Step 6: Audio Post-Processing

I run the final audio through my Python script to level the volume and stitch on my intros/outros.

Step 7: SEO & Archiving

My SEO Gem generates psycholinguistically optimized titles and descriptions. I log everything (prompts, sources, metadata) in a master spreadsheet so the episode is perfectly reproducible.

Step 8: Publishing

I upload the MP3 to my host (Acast), paste the transcript onto my website (Podpage) for SEO, and within 30 minutes, it’s live everywhere.

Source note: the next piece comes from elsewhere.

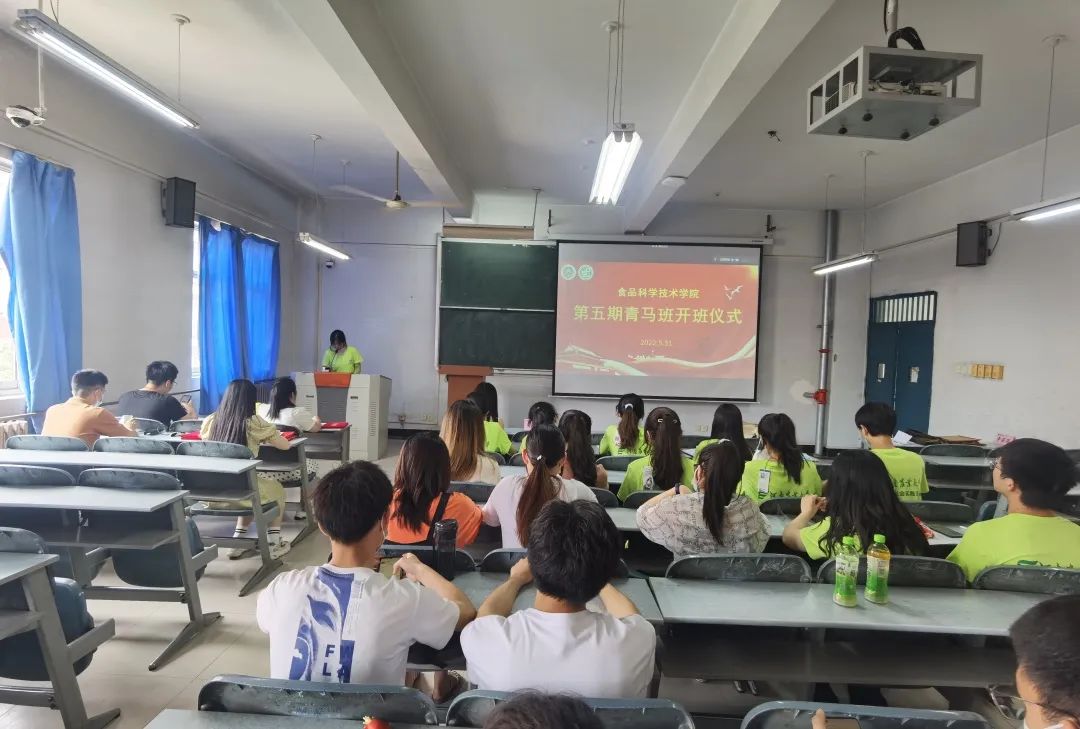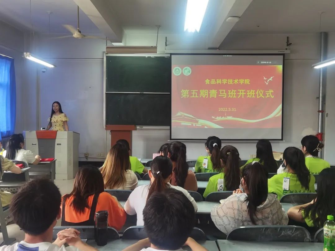 青马班优秀学员的决定》及学院第四期青马培训班顺利结业学员名单。路平,张金龙依次为优秀学员颁发荣誉证书,为第四期青马班毕业学员代表颁发结业证书并扣上“青马培训第一粒扣子”。第四期青马班支书朱亚威对第四期青马班培训学习成果进行了总结汇报。她希望广大青马班成员要不牢记党的要求,为党的伟大事业奉献青春。张金龙宣读了第五期青马培训班学员及班委名单。路平为新一期青马班学员授旗。第五期青马班支书陈曦代表第五期青马班全体学员做出承诺,将进一步坚定理想信念,努力成为马克思主义的拥护者,实践者和传播者。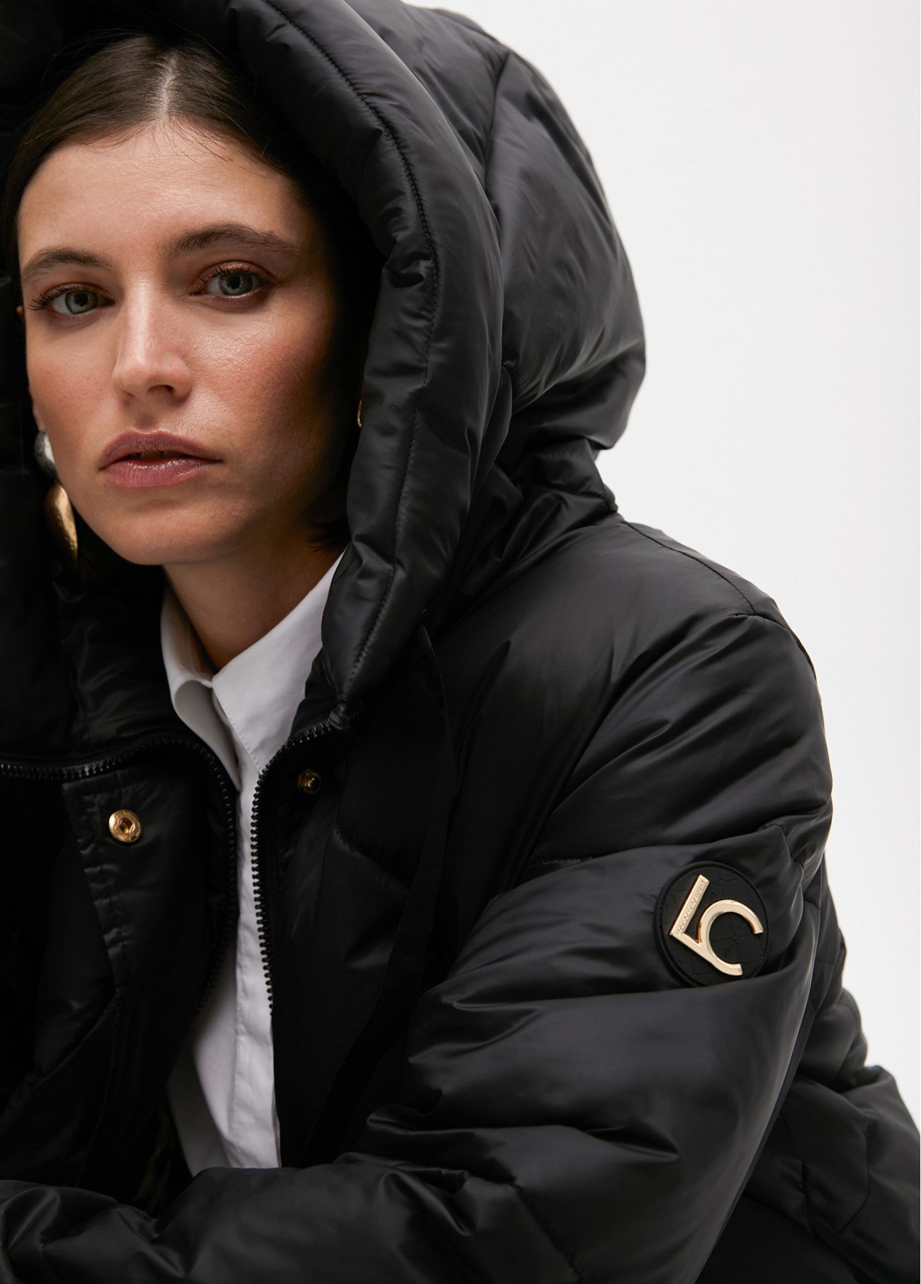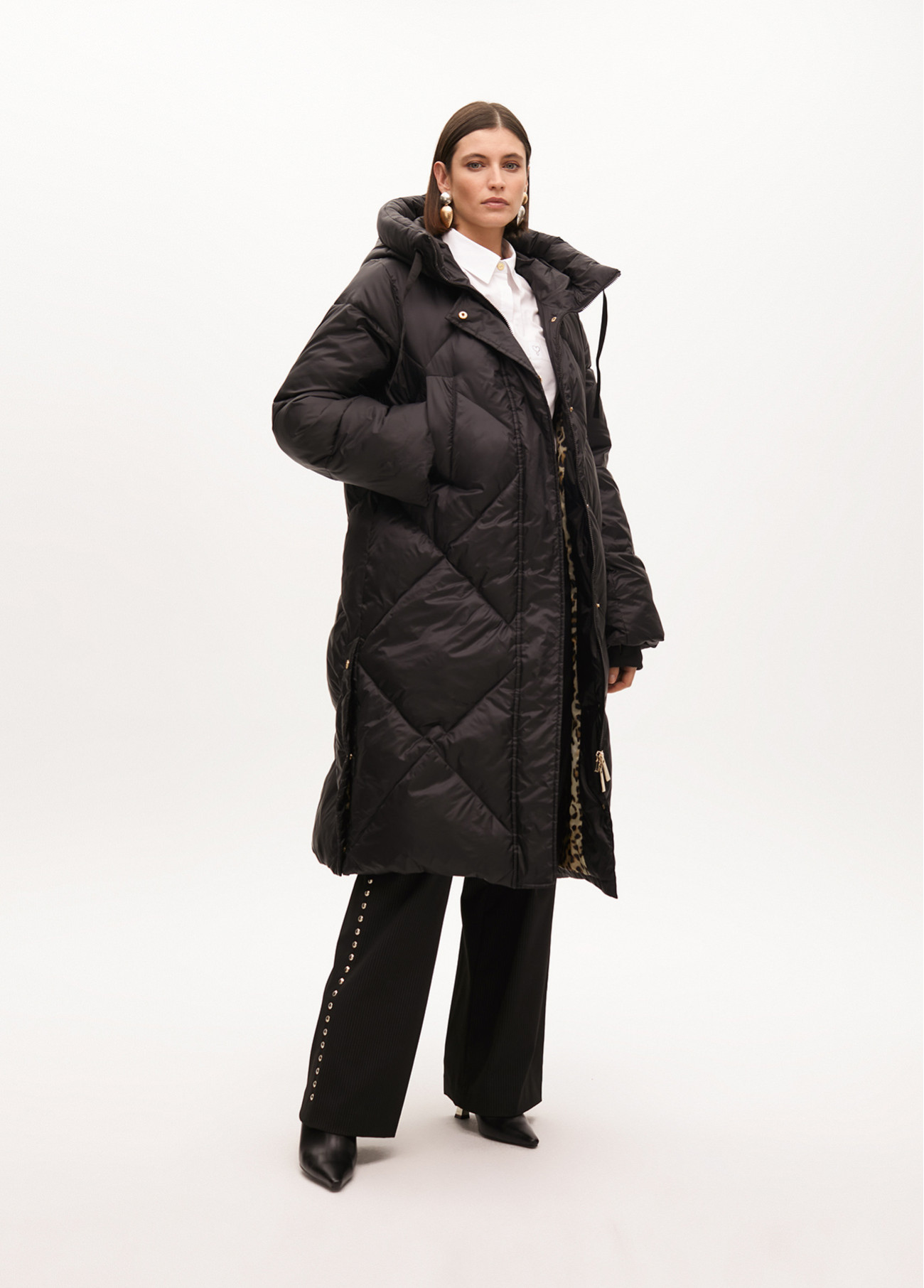 Anorak largo con relleno de plumas, capucha ajustable y cierre de cremallera completo. Interior forrado con estampado animal print. Detalles de logo en la manga y bolsillos laterales funcionales.

The Future: The Era of "Sanctioned AI"

The payoff for this rigorous process is undeniable. AI gives a solo creator the immense leverage, output, and polish of a large production team. And this architecture isn't just for theology—it applies to newsletters, documentaries, and corporate training.

Looking ahead, I predict a massive paradigm shift. The winners of the next decade won't be those who individuals who work harder and manually grind out content; it will be those who architect the best data pipelines and AI workflows.

I also believe it won't stop at pre-recorded podcasts. In the near future, every major organization will want to develop their own "sanctioned AI voice." Consumers won't just listen; they will interact. Imagine having a real-time, personalized conversation with the Catholic Church about a theological nuance, or chatting with your favorite sports franchise about their history while buying tickets, or chatting with an art museum tour guide in your ear. A closed-loop, officially sanctioned AI voice consistent with an organization will drive unprecedented engagement completely tailored to the interests of the human interacting with the AI.

We are just scratching the surface. The tech is here. The question is, who is going to build it?